▶ **BRIEF**
Without any of the pictures, print every record below exactly.

[Start of Attachment]

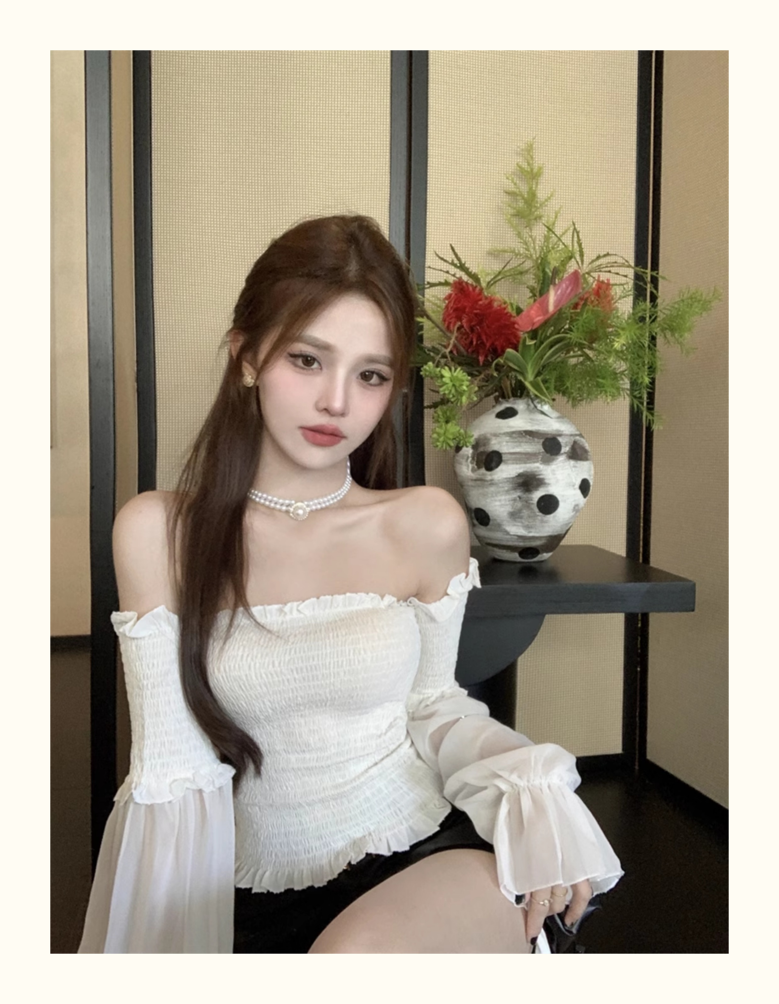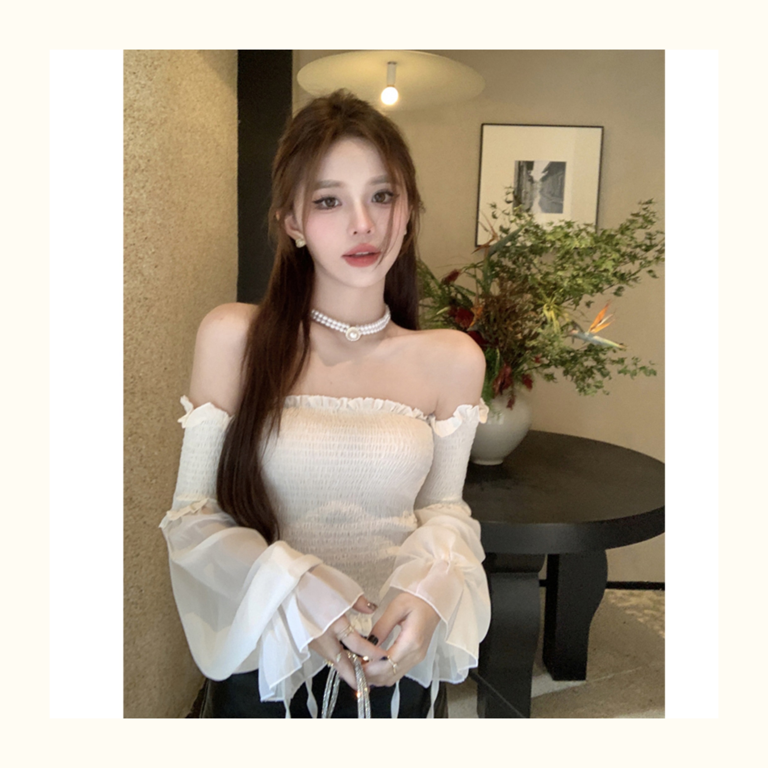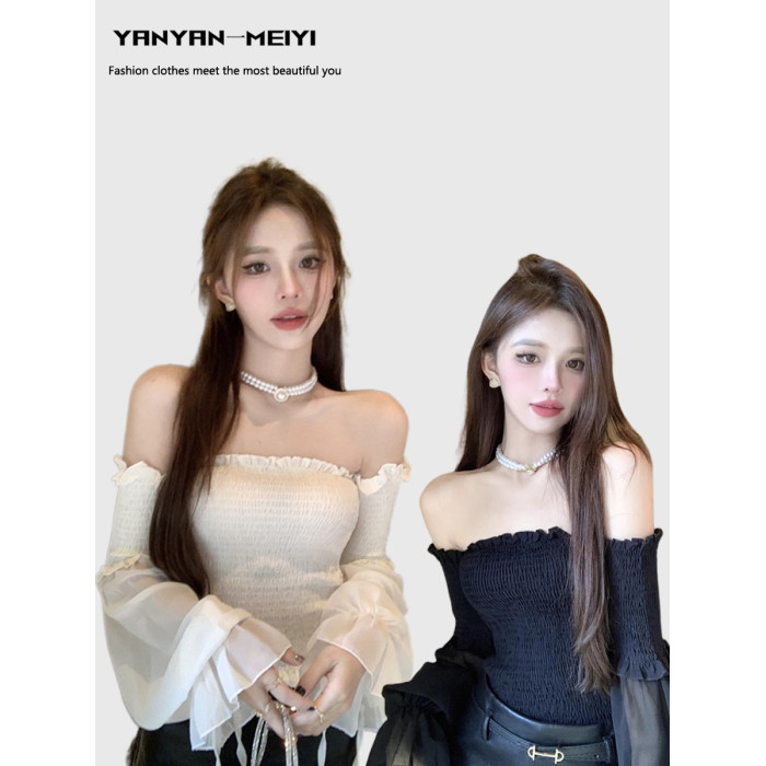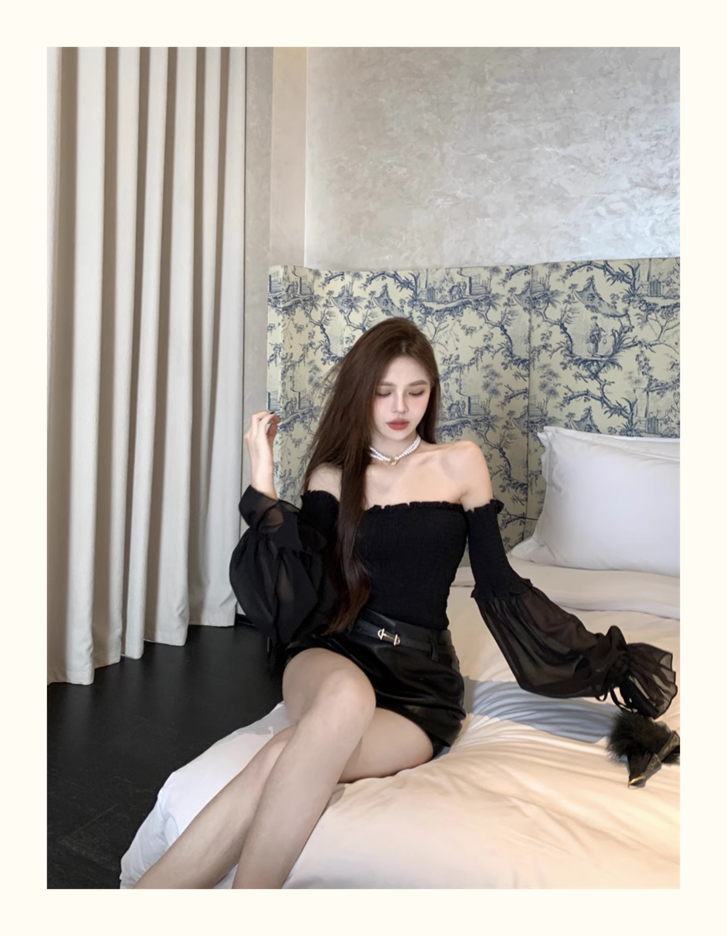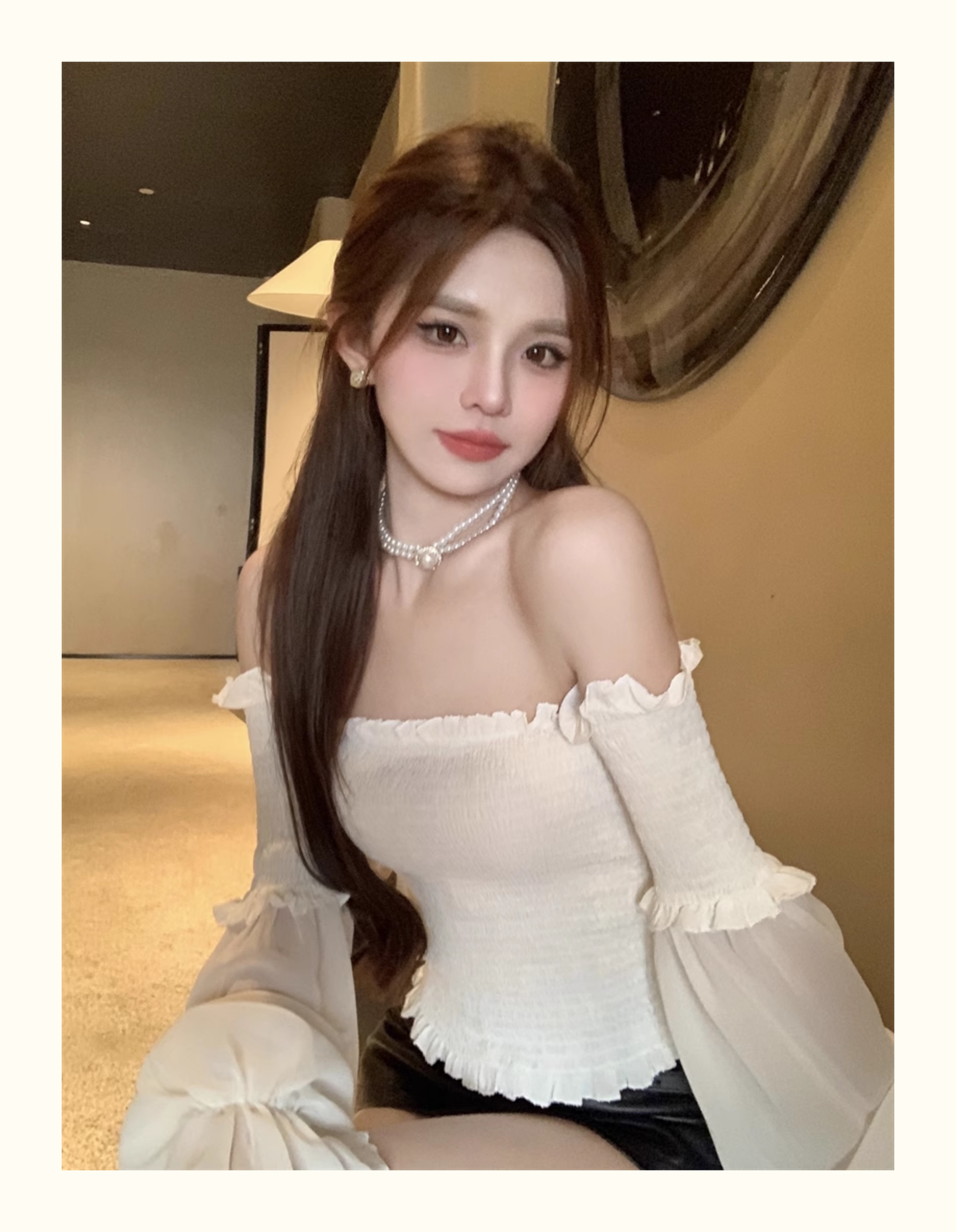 度假一字肩雪紡襯衫女夏設計感泡泡袖修身顯瘦抹胸絕美鎖骨上衣潮
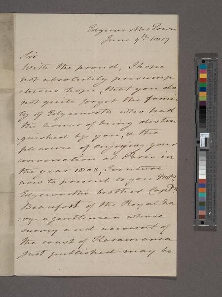 ![Beaufort, Sir Francis. Letter to [Frances Anne (Beaufort) Edgeworth] and Maria [Edgeworth]](/_next/image?url=https%3A%2F%2Frail.huntington.org%2FIIIF3%2FImage%2F22APN4S7D3J%2Ffull%2F%5E360%2C%2F0%2Fdefault.jpg&w=750&q=75)
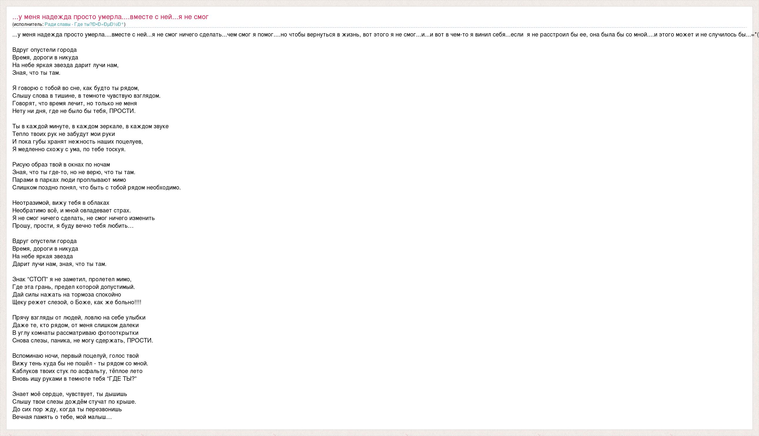 Главная→Исполнители→Неизвестен→...у меня надежда просто умерла....вместе с ней...я не смог ничего сдел
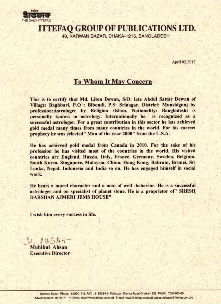 "তার দেওয়া পরামর্শে আংটি ব্যবহার করে এখন আমার আর্থিক, সামাজিক ও পারিবারিক সমস্যা দূর হয়েছে।"
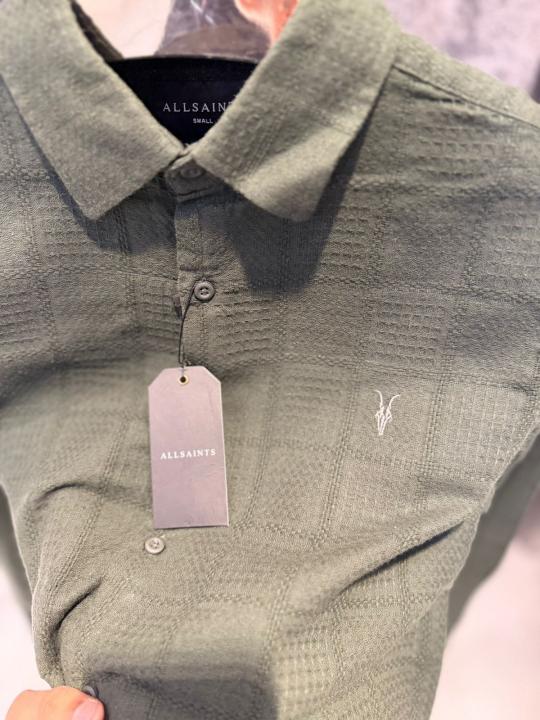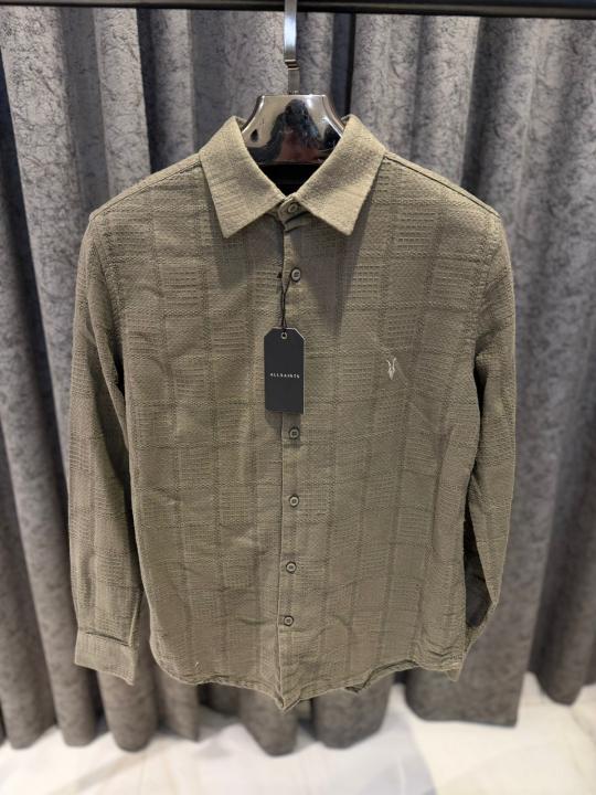 ALLSAINTS CHEST LOGO FULL SLEEVES IMPORTED SHIRT WHITE LIGHT GREEN

[End of Attachment]

▶ **THE COMPLETED TASK**
 度假一字肩雪紡襯衫女夏設計感泡泡袖修身顯瘦抹胸絕美鎖骨上衣潮
 ![Beaufort, Sir Francis. Letter to [Frances Anne (Beaufort) Edgeworth] and Maria [Edgeworth]](/_next/image?url=https%3A%2F%2Frail.huntington.org%2FIIIF3%2FImage%2F22APN4S7D3J%2Ffull%2F%5E360%2C%2F0%2Fdefault.jpg&w=750&q=75)
 Главная→Исполнители→Неизвестен→...у меня надежда просто умерла....вместе с ней...я не смог ничего сдел
 "তার দেওয়া পরামর্শে আংটি ব্যবহার করে এখন আমার আর্থিক, সামাজিক ও পারিবারিক সমস্যা দূর হয়েছে।"
 ALLSAINTS CHEST LOGO FULL SLEEVES IMPORTED SHIRT WHITE LIGHT GREEN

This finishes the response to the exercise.